CytoSolve® In Silico Systems Architecture Enables Computational Modeling of Relaxation Pathways for Innovation in Harm Reduction Research

Partner Description

British American Tobacco
British American Tobacco (BAT) is a global organization with advanced research and development capabilities focused on understanding biological mechanisms relevant to consumer products and harm-reduction science. BAT’s R&D group applies rigorous analytical, biological, and computational methods to study complex physiological systems, supporting evidence-based innovation and scientific transparency.

Challenge

BAT sought a deeper mechanistic understanding of how multiple bioactive ingredients influence biological systems associated with relaxation and stress modulation. These systems span highly interconnected molecular networks, including neurotransmitter signaling, hormonal regulation, immune responses, and neuromodulatory feedback loops. Traditional experimental approaches are limited in their ability to efficiently evaluate non-linear interactions, combinatorial effects, and system-wide responses across multiple pathways.

BAT required a scalable, quantitative, and fully in silico modeling framework capable of evaluating both individual ingredients and ingredient combinations, while reducing reliance on extensive in vitro and in vivo experimentation and enabling rapid hypothesis testing.

How CytoSolve® Helped

CytoSolve® applied its distributed computational systems biology platform to perform in silico combination screening grounded in peer-reviewed scientific literature.

Six core molecular systems governing relaxation biology were identified and modeled:

  • Gut microbiome–neuroinflammation signaling
  • Hypothalamic–pituitary–adrenal (HPA) axis signaling
  • Brain-derived neurotrophic factor (BDNF) signaling
  • Neurotransmitter pathways involving GABA and serotonin
  • Catecholamine signaling via dopamine
  • Endocannabinoid signaling centered on anandamide (AEA)
Each pathway was independently translated into a validated mathematical model using ordinary differential equations and encoded in SBML format. CytoSolve® then dynamically integrated these individual models into a unified in silico systems architecture, preserving pathway-specific behavior while enabling real-time interaction across the full relaxation network.

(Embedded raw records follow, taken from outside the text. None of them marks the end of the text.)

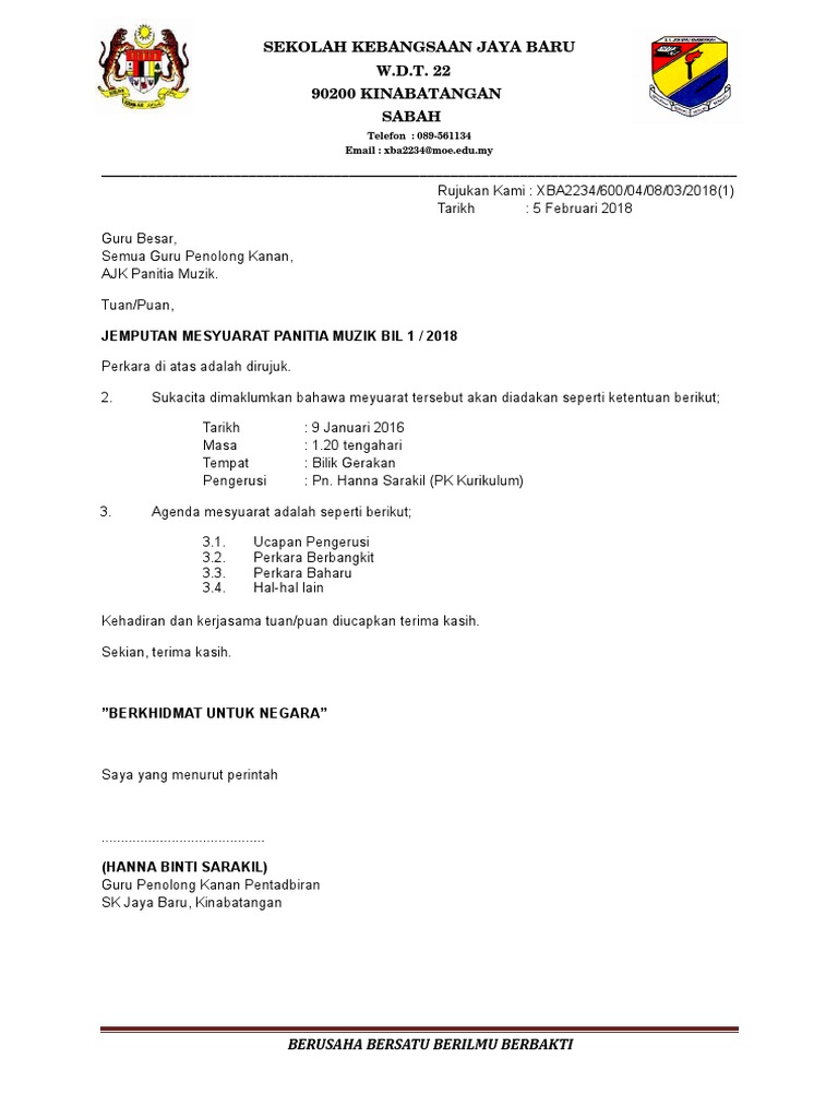 Jalan undan 8, taman perling, 81200 johor bahru, johor Agenda mesyuarat yang akan dibincangkan adalah seperti berikut; Saidah bt husin tuan, mesyuarat panitia muzik bil 1/(2020) perkara di atas adalah dirujuk. Surat panggilan mesyuarat panitia bm terkini. Contoh surat alih tiang elektrik tnb.
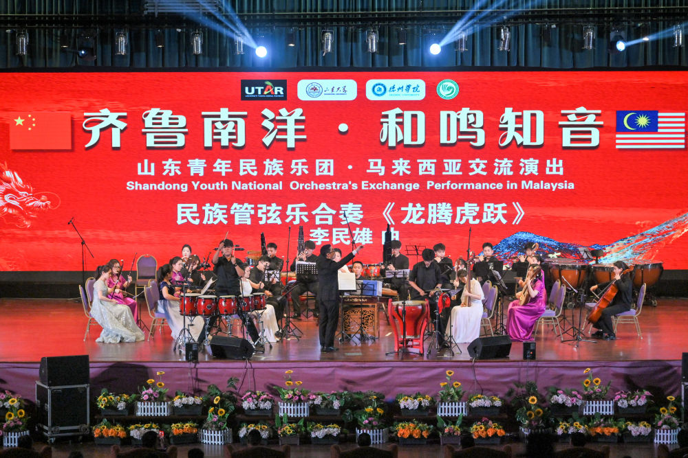 16日晚,“齐鲁南洋·和鸣知音”山东青年民族乐团马来西亚交流演出活动在此举行,来自中马两国三所高校的青年民乐演奏家、歌唱家、舞蹈家与年轻学子相遇舞台,以乐为媒,以曲会友,合奏一场音符跳动、情意共鸣的文艺汇演。
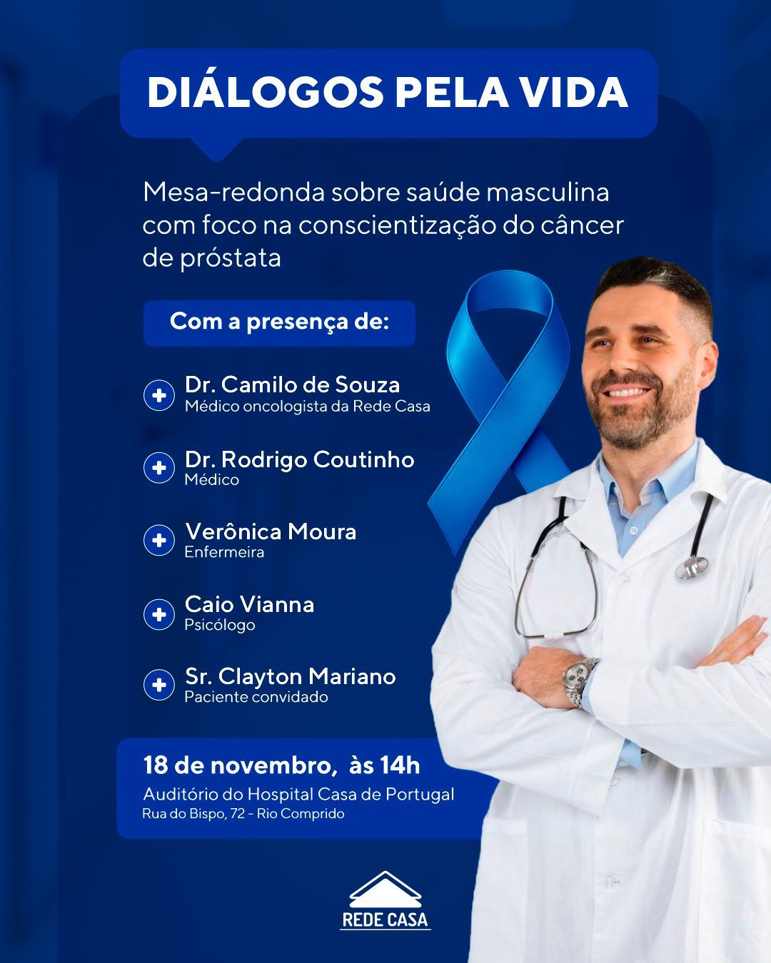 Na próxima terça-feira, 18 de novembro, às 14h, o Hospital Casa de Portugal, da Rede Casa, realiza um debate gratuito e aberto ao público sobre a importância do cuidado com a saúde do homem, em alusão ao Novembro Azul.

Six shortlisted bioactive ingredients were computationally simulated across physiologically relevant dose ranges. The in silico framework quantified ingredient-specific and combination effects on key biomarkers associated with inflammation, cortisol regulation, neurotransmission, and neurotrophic signaling. The architecture was explicitly designed to support future optimization of multi-ingredient formulations based on defined biological objectives.

Key Benefits Realized

  • Systems-level, in silico quantification of ingredient effects across interconnected relaxation pathways
  • Mechanistic clarity into modulation of inflammation, cortisol dynamics, neurotransmission, and neurotrophic signaling
  • Rapid, scalable computational screening of multiple ingredients across six molecular systems
  • Combination-ready modeling framework supporting formulation optimization strategies
  • Reduced dependence on early-stage animal and cell-based experimental studies

Outcome

The CytoSolve® Systems Architecture delivered a comprehensive, mechanistic in silico modeling assessment of bioactive ingredients acting on molecular systems underlying relaxation for British American Tobacco. By integrating multiple biological pathways into a single computational framework, the collaboration enabled data-driven ingredient prioritization and established a scalable foundation for future combination optimization. This case study demonstrates how systems architecture–based in silico modeling provides a rigorous, ethical, and efficient approach for investigating complex biological phenomena within modern, science-driven research and harm-reduction programs.